}} Flames of Musk |

Poetry at Sangam

SangamHouse

 










Flames of Musk

tell me now, the fire that’s born, is it male or female,
O Ramanatha?

                                      ―Devara Dasimayya, 11th Century AD

 
At about midnight, when he was touched in the places of the body
where raw musk resides, a gust of goddess rose in smoke, the tremor

of a current plunged as he lay watching both his bearer and himself in
hymnal resonance. Before he gathered himself to return the favour,

he felt his chest uplifted in shame, burning in a way only truth can,
gripping him in its séance. He wondered if the fire in his guts would

change colour if the nature of his crotch were to change. Pleasure
of the bone, too glorious, too liminal to be assigned a gender.

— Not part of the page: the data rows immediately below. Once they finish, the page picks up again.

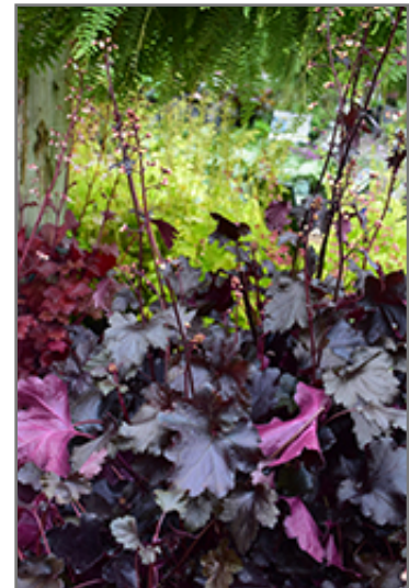
Black Pearl Coral Bells in bloom

Black Pearl Coral Bells is recommended for the following landscape applications;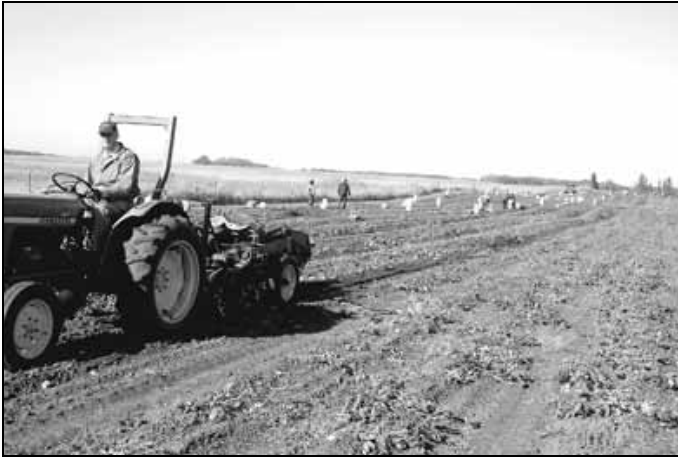
Labour Day weekend is the annual time for picking potatoes.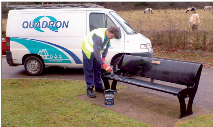
▲ Monthly inspections and emergency work

Because of this, inspections are made monthly in towns and bi-monthly in rural areas and emergency work is undertaken at the time of the inspection.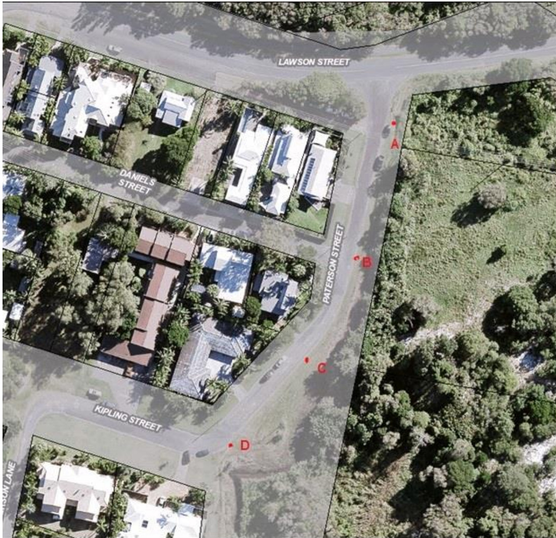
Figure 3. Paterson Street proposed signage locations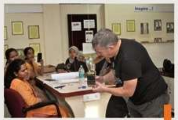
Teachers Training Programme at VITM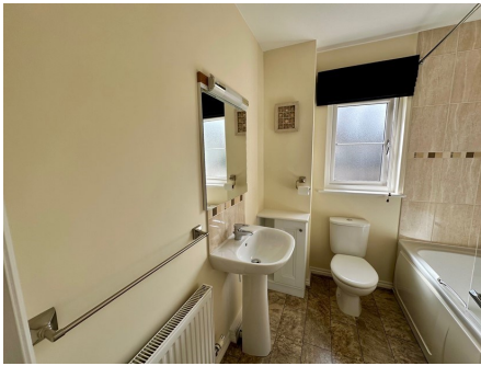
1ST FLOOR 331 sq.ft. (30.8 sq.m.) approx.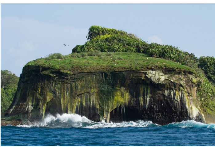
Fig. 2. Rocky cliffs on offshore islands provide protected nesting sites. Escudo de Veraguas, shown here, supports Brown Booby nesting.

tended by the Guna people. Throughout most of the Comarca de Guna Yala, the Serranía del Darién is close to the coast, reaching it in some places to form rocky shorelines or sea cliffs. Where unprotected by reefs, islands, or coves, the surf is relatively high all year, owing to incoming swells from the Caribbean Sea. This restricts foraging areas of wading birds to protected sites.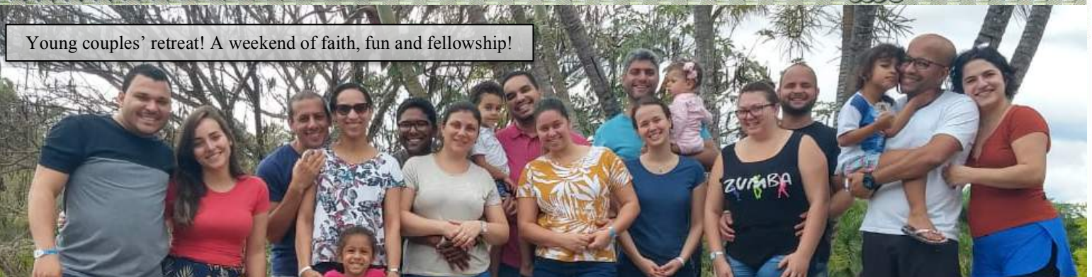
Young couples' retreat! A weekend of faith, fun and fellowship!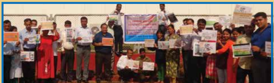
Goa Plant employees came together with CDSCO, Sub Zone Goa, to spread awareness on cleanliness on the occasion of Swachhata Pakhwada on April 9 th . CDSCO team members and the Goa Plant team took the 'Cleanliness Pledge'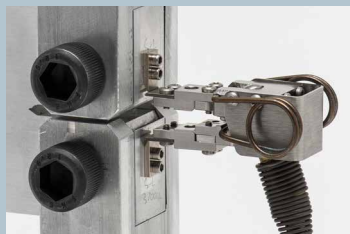
Model 7641 COD gage

See the electronics section of this catalog for available signal conditioners and strain meters.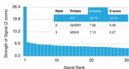
Human Protein Microarray Specificity Validation

Analysis of HuProt(TM) microarray containing more than 19,000 full-length human proteins using CD117 antibody (clone KIT/2672). These results demonstrate the foremost specificity of the KIT/2672 mAb. Z- and S- score: The Z-score represents the strength of a signal that an antibody (in combination with a fluorescently-tagged anti-IgG secondary Ab) produces when binding to a particular protein on the HuProt(TM) array. Z-scores are described in units of standard deviations (SD's) above the mean value of all signals generated on that array. If the targets on the HuProt(TM) are arranged in descending order of the Z-score, the S-score is the difference (also in units of SD's) between the Z-scores. The S-score therefore represents the relative target specificity of an Ab to its intended target.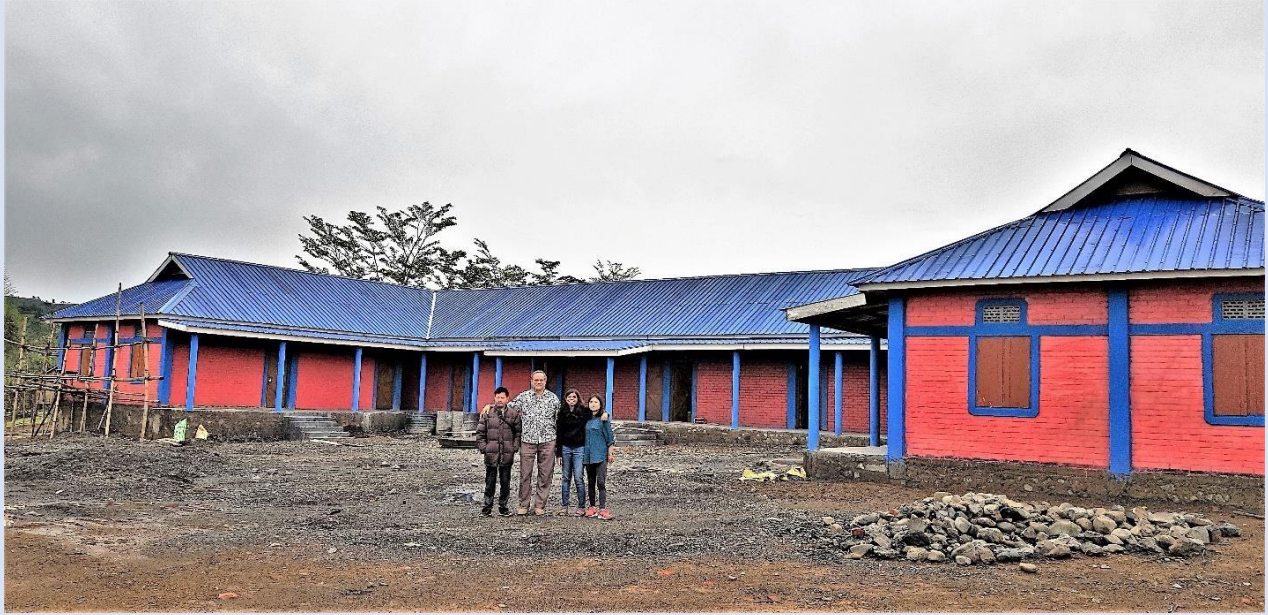
Lyzon Friendship School, Khomunnom Village, Manipur, inaugurated 27 Sep 18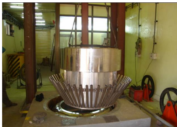
Install and Operate Irradiator being installed.

The civil work for the irradiator is completed. EOT crane has been installed. The fabrication of components is completed and installation is in progress.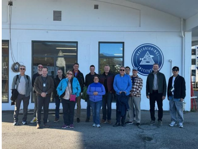
Tour of IMR.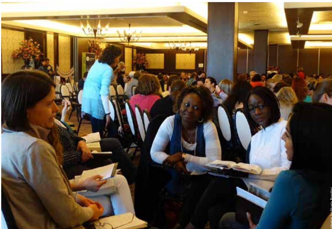
Women at the conference share and pray together.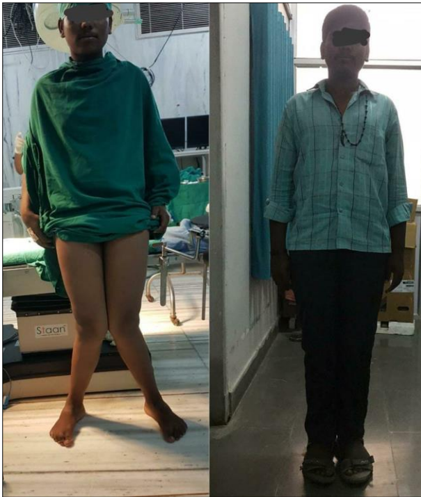
Fig 3: Pre-operative & Post-operative Clinical Photos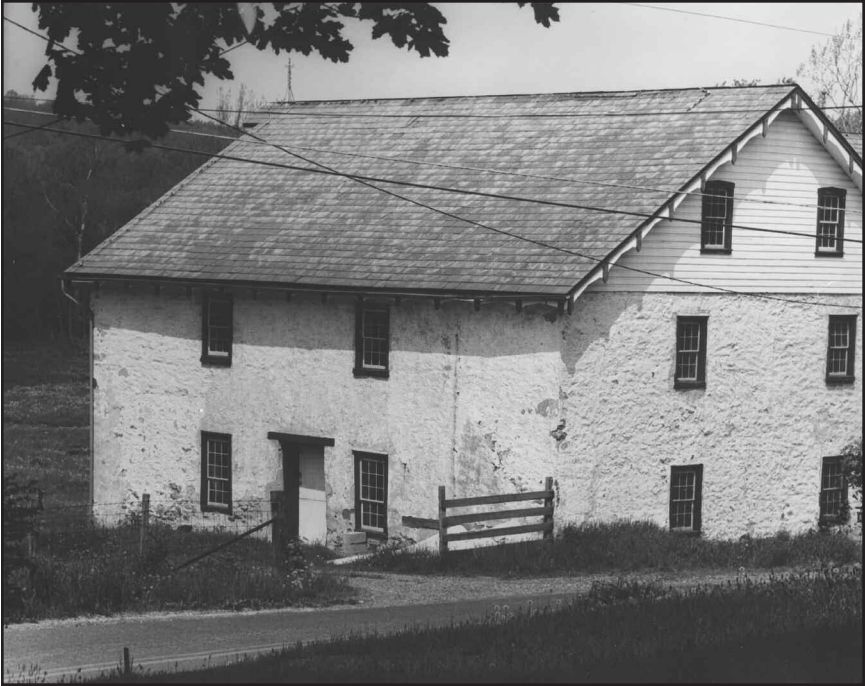
Ackland Mill, Chester County, Pennsylvania, date unknown. Mormon missionaries performed baptisms at the mill, which suggests that this was the location for Edward Hunter's baptism.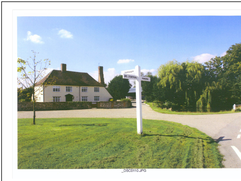
The green and pond, Hazel End, Farnham

PLEASE NOTE: THE ABOVE SUPPLIERS ARE LISTED AS A GUIDE ONLY AND ARE BY NO MEANS A COMPLETE LISTING NEITHER ARE THEY ENDORSED IN ANY WAY BY THE PARISH COUNCIL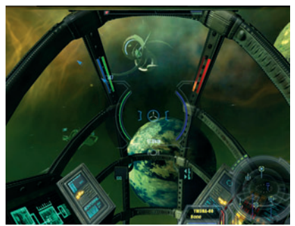
■ Strikingly dramatic and yet still somehow realistic, the massive world of X2; The Threat is yours to explore.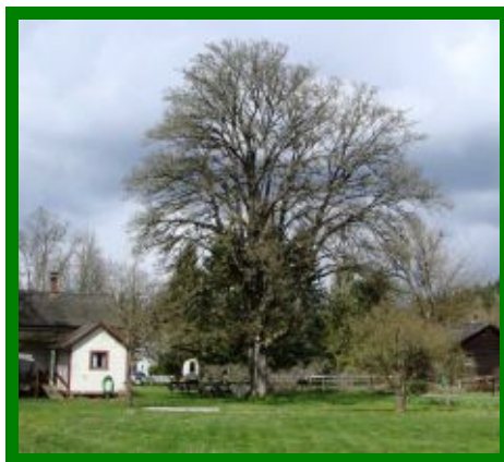
Maple # 2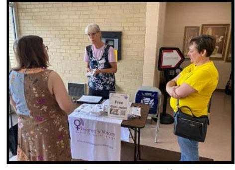
Gave out free gun locks through Lock It For Love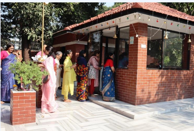
(Devotees offering their prayers at the Shiva temple)

On the auspicious occasion of Mahashivaratri, the Embassy extended greetings and best wishes to the people celebrating the festival on 15 February. The Shiva temple inside the Embassy premises was opened to the people from Nepali, Indian and Bangladeshi Hindu communities residing in Dhaka.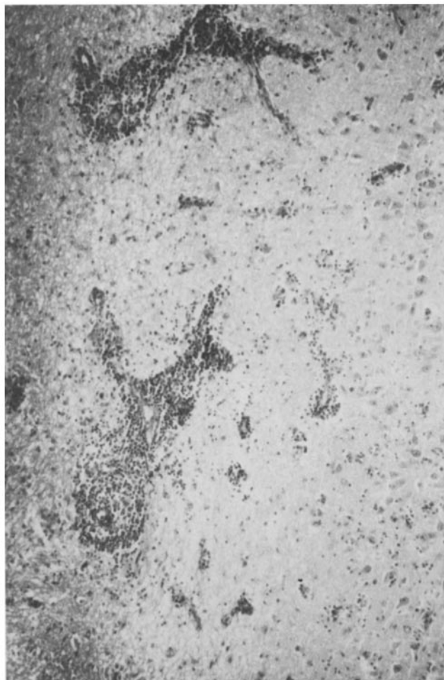
FIGURE 3. Inflammatory lesions in the hippocampus of immunosuppressed, BDV-infected rats, 5 d after transfer of 8 \times 10^6 virus-specific CD4 + T cells, with predominant mononuclear perivascular infiltrations extending into the surrounding neuropil (hematoxylin and eosin, \times 160 ).

These data provide direct evidence that MHC class II-restricted BD virus-specific cells with the T helper/inducer phenotype represent the T cell subset relevant to the immunopathological reaction. Since classical cytotoxic CD8 + cells have never been detected in BD virus-infected animals (our unpublished results), the pathogenesis of BD differs from that of lymphocytic choriomeningitis (LCM), which represented for a long time the paradigm for a virus-induced immunopathological reaction. In LCM class I-restricted, virus-specific CD8 + cells are the only cell population found to be essential for the immunopathological event leading to the fatal disease (11). Furthermore, in contrast to MBP-specific CD4 + T cells found in experimental autoimmune encephalomyelitis (12) cellular infiltrates were found predominantly in the grey matter after transfer of the BD virus-specific CD4 + T cells. Thus, BD is likely to be a unique virus-induced immunopathological disorder affecting the CNS. Additionally, BD lends itself exquisitely to investigate the course and consequence of a virus infection of the CNS, where intensive contact with the immune system is greatly avoided by strategies of replication and spread of the virus exclusively in neu-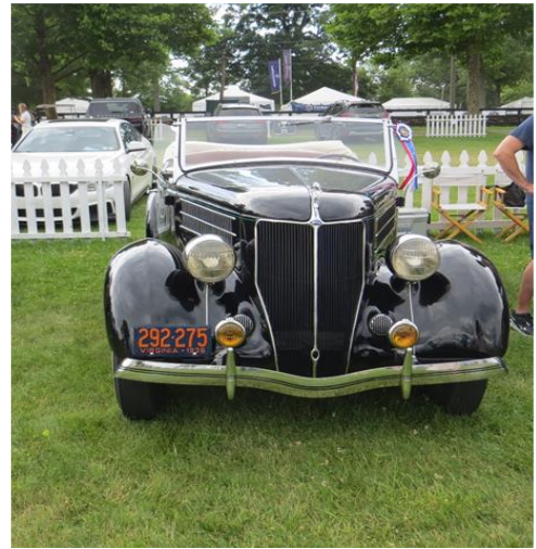
Zimmerli's 1936 Ford Phaeton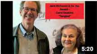
CWA 50th National Art Show at the Harrington Gallery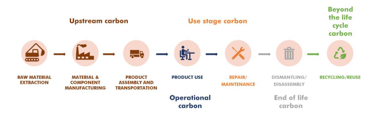
Figure 1. Typical electronic product life cycle.

registered products have reduced GHG emissions by over 184 million metric tons, reduced hazardous wastes by over 830,000 metric tons, and conserved over 208 million metric tons of primary materials (GEC 2021a, EPA 2021a).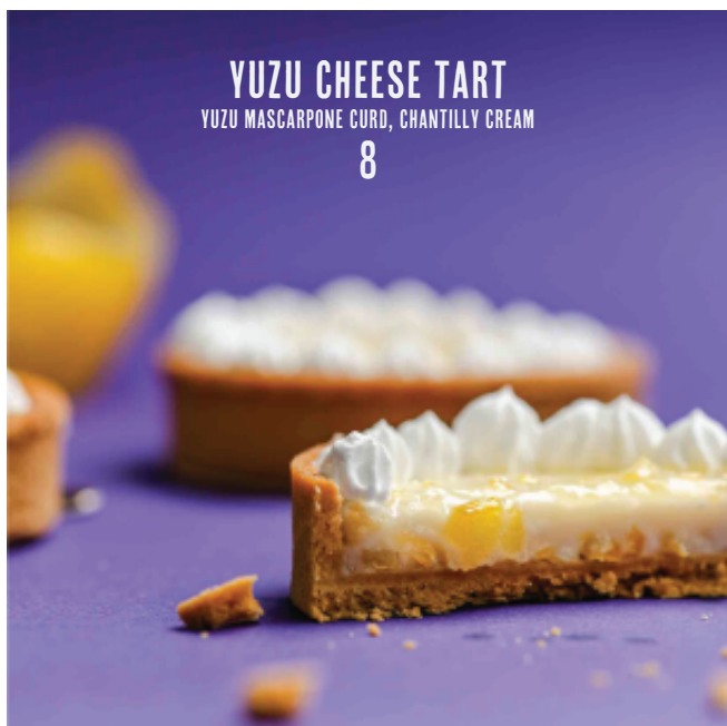
YUZU CHEESE TART YUZU MASCARPONE CURD, CHANTILLY CREAM 8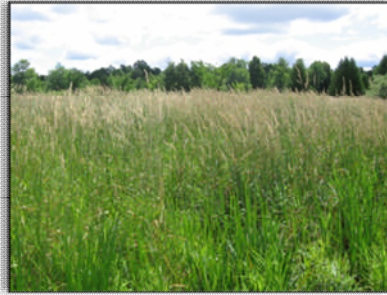
Community 5: Reed Canary-grass Mineral Meadow Marsh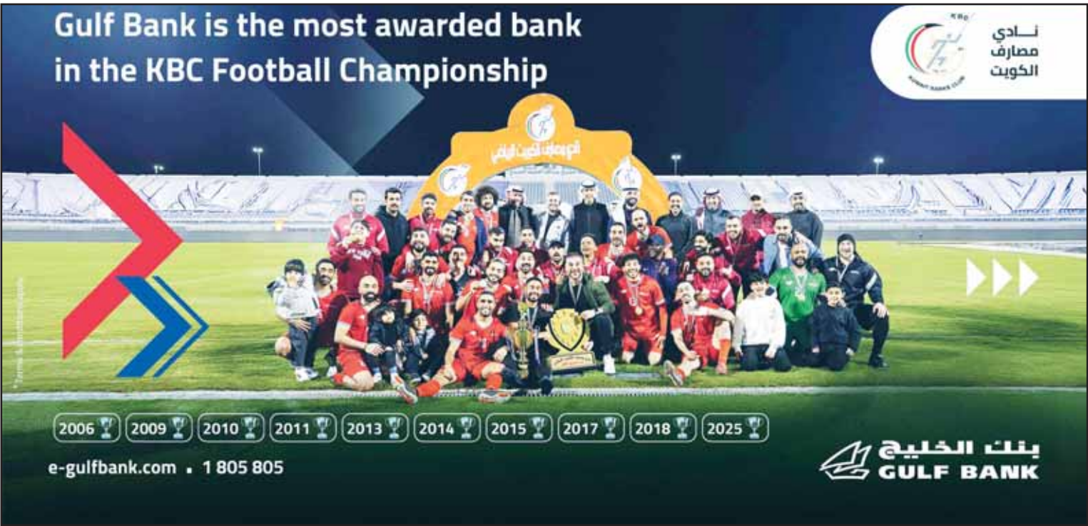
The Gulf Bank team posed for a group photo after securing the Kuwait Banks Club Football League title.

confirms its continued strong presence in football tournaments dedicated to the banking sector. Gulf Bank places great importance on supporting sports and promoting a culture of physical activity, driven by its belief in the role of sports in improving quality of life and fostering a healthy lifestyle within the community. The bank is keen to encourage its employees and members of the community to engage in sports by supporting various tournaments and sporting events. In this context, Gulf Bank organizes the Gulf Bank Marathon annually, one of the most prominent community sporting events in the State of Kuwait. The marathon attracts thousands of participants from different age groups and aims to raise awareness of the importance of physical activity and making it a daily lifestyle choice. This initiative aligns with the bank’s strategy to reinforce social sustainability standards, focusing on supporting health and sports initiatives and enhancing positive engagement with the community. The Gulf Bank football team presents a distinguished model of teamwork and cooperation among employees, comprising a group of

Pleasure, the beak of a soaring bird liberated from the spanning
sanctuary of wings. His grandmother in her last years sang a song,

the origin unknown, the ending line in which meant: in love’s electric act
what is male, what is female.
She who survived wars, a stillborn, outliving

her husband by forty years, inching her way past three generations.
This grandson embarrassed but happy to think of her today, looks

at his body now, tin ash and temporal, crowned in acceptance of life’s
beautiful searing to come, now beginning to know why desire is so

devastatingly redeeming. Like teeth without tongue. Like tongue without
mouth. His body lying silent. A just bitten fruit. Salivating forever.